The typical duration of a real estate price cycle is only five years. The 10-year cycle is, therefore, a conspicuous case. Especially in terms of financial stability and a potentially negative impact on the economy. The risk of a sharp setback increases with each increase. The following conditions would show that the uptrend cycle is nearing its end:
- The supply is being massively expanded and vacancy rates are rising. Given the constraints of new construction, it is unlikely that the cycle will end until 2022.
- The labour migration to Germany stops. According to current information from the Federal Statistical Office, net migration to Germany in 2017 amounted to 416,080 persons. In its monthly report in June 2018, the Bundesbank expects net migration to reach 1.2 million in the period from 2018 to 2020, making the decline in labour migration unlikely.

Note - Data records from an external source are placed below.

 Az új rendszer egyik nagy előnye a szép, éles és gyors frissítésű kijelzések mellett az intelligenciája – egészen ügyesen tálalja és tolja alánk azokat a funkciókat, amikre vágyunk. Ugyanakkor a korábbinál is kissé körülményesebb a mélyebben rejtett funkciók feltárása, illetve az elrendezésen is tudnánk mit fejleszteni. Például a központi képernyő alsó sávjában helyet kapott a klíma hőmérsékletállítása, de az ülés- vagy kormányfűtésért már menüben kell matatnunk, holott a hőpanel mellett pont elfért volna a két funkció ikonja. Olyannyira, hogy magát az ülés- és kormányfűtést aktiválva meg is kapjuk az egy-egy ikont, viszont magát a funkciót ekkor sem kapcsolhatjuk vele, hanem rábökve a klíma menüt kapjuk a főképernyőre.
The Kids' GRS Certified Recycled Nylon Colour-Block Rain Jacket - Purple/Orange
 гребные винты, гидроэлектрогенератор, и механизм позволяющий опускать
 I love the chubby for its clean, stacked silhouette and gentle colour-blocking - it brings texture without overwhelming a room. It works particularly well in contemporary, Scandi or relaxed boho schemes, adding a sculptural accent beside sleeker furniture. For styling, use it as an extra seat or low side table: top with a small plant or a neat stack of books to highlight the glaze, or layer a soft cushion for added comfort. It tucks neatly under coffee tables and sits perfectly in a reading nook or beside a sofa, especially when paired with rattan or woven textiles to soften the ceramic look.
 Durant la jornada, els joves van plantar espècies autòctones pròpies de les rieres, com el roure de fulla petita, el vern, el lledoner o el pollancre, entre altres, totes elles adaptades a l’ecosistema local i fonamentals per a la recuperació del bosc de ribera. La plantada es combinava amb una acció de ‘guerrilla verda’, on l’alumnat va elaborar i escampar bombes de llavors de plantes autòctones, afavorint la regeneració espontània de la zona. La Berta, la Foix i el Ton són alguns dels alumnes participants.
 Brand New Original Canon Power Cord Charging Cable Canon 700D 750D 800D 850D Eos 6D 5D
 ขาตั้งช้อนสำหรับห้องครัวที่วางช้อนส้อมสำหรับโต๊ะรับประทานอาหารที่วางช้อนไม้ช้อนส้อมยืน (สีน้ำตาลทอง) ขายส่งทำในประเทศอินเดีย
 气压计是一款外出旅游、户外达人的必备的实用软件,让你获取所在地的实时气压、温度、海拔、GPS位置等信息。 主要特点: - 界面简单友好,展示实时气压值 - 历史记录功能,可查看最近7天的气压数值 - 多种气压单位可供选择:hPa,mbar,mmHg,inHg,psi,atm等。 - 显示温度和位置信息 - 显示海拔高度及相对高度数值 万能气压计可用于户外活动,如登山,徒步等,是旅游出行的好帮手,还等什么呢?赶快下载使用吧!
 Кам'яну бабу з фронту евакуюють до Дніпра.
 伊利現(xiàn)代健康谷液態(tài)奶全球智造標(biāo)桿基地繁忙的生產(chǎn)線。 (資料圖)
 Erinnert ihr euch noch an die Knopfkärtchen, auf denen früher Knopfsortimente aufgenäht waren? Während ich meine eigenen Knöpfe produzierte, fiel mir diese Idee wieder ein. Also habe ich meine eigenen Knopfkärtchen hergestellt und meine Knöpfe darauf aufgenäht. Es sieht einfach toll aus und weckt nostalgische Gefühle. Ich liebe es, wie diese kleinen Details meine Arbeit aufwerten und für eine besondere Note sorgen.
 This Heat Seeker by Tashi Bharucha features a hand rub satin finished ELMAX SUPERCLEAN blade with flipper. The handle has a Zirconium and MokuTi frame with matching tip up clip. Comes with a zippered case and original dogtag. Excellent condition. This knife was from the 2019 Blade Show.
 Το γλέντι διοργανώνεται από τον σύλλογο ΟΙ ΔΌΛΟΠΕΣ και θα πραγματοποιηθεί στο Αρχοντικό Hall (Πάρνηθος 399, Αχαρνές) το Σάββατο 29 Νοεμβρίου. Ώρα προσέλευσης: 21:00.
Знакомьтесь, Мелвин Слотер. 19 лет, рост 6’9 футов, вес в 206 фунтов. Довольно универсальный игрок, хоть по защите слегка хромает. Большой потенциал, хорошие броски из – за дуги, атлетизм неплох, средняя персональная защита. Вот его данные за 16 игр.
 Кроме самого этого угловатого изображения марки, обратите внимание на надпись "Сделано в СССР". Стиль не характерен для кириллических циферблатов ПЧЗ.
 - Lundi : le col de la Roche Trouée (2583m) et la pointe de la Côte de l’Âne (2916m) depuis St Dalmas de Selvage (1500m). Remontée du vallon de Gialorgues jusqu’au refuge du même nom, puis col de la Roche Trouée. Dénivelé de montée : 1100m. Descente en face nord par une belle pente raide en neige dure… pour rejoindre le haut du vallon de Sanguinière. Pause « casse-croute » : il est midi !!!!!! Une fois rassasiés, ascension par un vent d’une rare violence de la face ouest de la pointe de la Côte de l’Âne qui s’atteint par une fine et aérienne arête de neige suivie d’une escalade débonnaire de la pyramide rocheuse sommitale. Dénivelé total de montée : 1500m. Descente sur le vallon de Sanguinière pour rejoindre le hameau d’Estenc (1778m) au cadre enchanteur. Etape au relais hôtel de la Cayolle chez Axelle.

- Interest rates are rising sharply and thus rental yields in the German residential real estate business are also becoming less attractive.
- The population clearly prefers to rent a property instead of buying it. Rental rents in 2017 rose year on year to a 23-year high of 6.9 per cent. Although leasing momentum has slowed substantially in 2018 and thereafter and further policy measures are expected for rental control laws, bottlenecks in the housing market point to a continuation of the upward trend. According to DB research, the four above-mentioned conditions are unlikely to occur in 2019. Therefore, the price cycle is expected to stay in place.
As in the last 10 years, prices are likely to rise faster than rents
While this trend puts further downward pressure on initial yields, real estate market wealth is likely to be more attractive than investments for both private and institutional investors. This constellation argues against a short-term end to the cycle, as yields on the real estate market are likely to significantly outperform interest rates on long-term German government bonds in the coming years.
Many properties are also more attractive than the very volatile prices and dividends of public companies. Rental yields of 4 per cent a year should, therefore, attract additional investors, and in times of crisis, real estate investments will probably give preference to financial assets.